What happens without a service account:

Pod uses default service account
Default account often has too many permissions
Hard to track which app did what in logs
Security risk if default is compromised

Step 2: Create a Role with Minimal Permissions

A role defines what actions are allowed on which resources.

---
# Step 2: Create a role with EXACTLY the permissions needed
apiVersion: rbac.authorization.k8s.io/v1
kind: Role
metadata:
  name: app                    # Role name
  namespace: production        # Only for this namespace

rules:
# RULE 1: Read ConfigMaps, but only the app's own ConfigMap
- apiGroups: [""]             # Empty string = core API
  resources: ["configmaps"]   # Only ConfigMaps
  resourceNames: ["app-config"]  # ONLY this specific ConfigMap!
  verbs: ["get", "list", "watch"]  # Only read operations
  
  # Example: App needs to read configuration
  # Allowed: kubectl get configmap app-config
  # Denied: kubectl get configmap other-config
  # Denied: kubectl delete configmap app-config

# RULE 2: Read Secrets, but only the app's own Secret
- apiGroups: [""]
  resources: ["secrets"]      # Only Secrets
  resourceNames: ["app-secret"]  # ONLY this specific Secret!
  verbs: ["get"]              # Only get (not list, not delete)
  
  # Example: App needs database password from Secret
  # Allowed: kubectl get secret app-secret
  # Denied: kubectl get secret admin-secret
  # Denied: kubectl list secrets (can't see all secrets)
  # This is important! Even listing secrets can be a leak!

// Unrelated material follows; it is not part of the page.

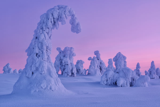 ラップランドの下流では、リジトゥントゥリは冬のワンダーランドで、冬の間は粉っぽい白い雪の厚い毛布で覆われています。このエリアは、その自然の美しさに貢献する傾斜した丘と風光明媚な湖でもある、雪が大きい雪の木の木だけでなく、特に有名です。ここのユニークな景色は、ヨーロッパの他の場所とは異なり、写真に興味がある人や、美しい広大な白さをじっと見つめる人に最適です。
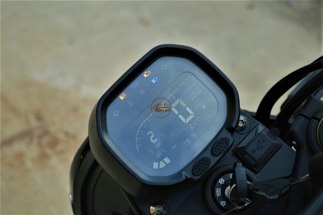 單色LED儀表在這個(gè)級(jí)別是非常常見的標(biāo)準(zhǔn),面積雖小但是顯示的數(shù)據(jù)很全面,新手比較關(guān)注的擋位和速度放在最顯眼的位置,還有配備USB充電口。

# What's NOT in this role:
# - Can't create pods (can't spawn new containers)
# - Can't delete pods (can't break cluster)
# - Can't create secrets (can't store malicious data)
# - Can't access other namespaces (confined to production)

Real example of what happens:

# App inside pod tries to:
$ kubectl get secrets
# Result: Error! Permission denied
# Why: Role only allows "get" on specific secret "app-secret", not "list" all secrets

$ kubectl get secret app-secret
# Result: Success! App gets its credentials
# Why: Role specifically allows this

$ kubectl delete configmap app-config
# Result: Error! Permission denied
# Why: Role only allows "get, list, watch" - not "delete"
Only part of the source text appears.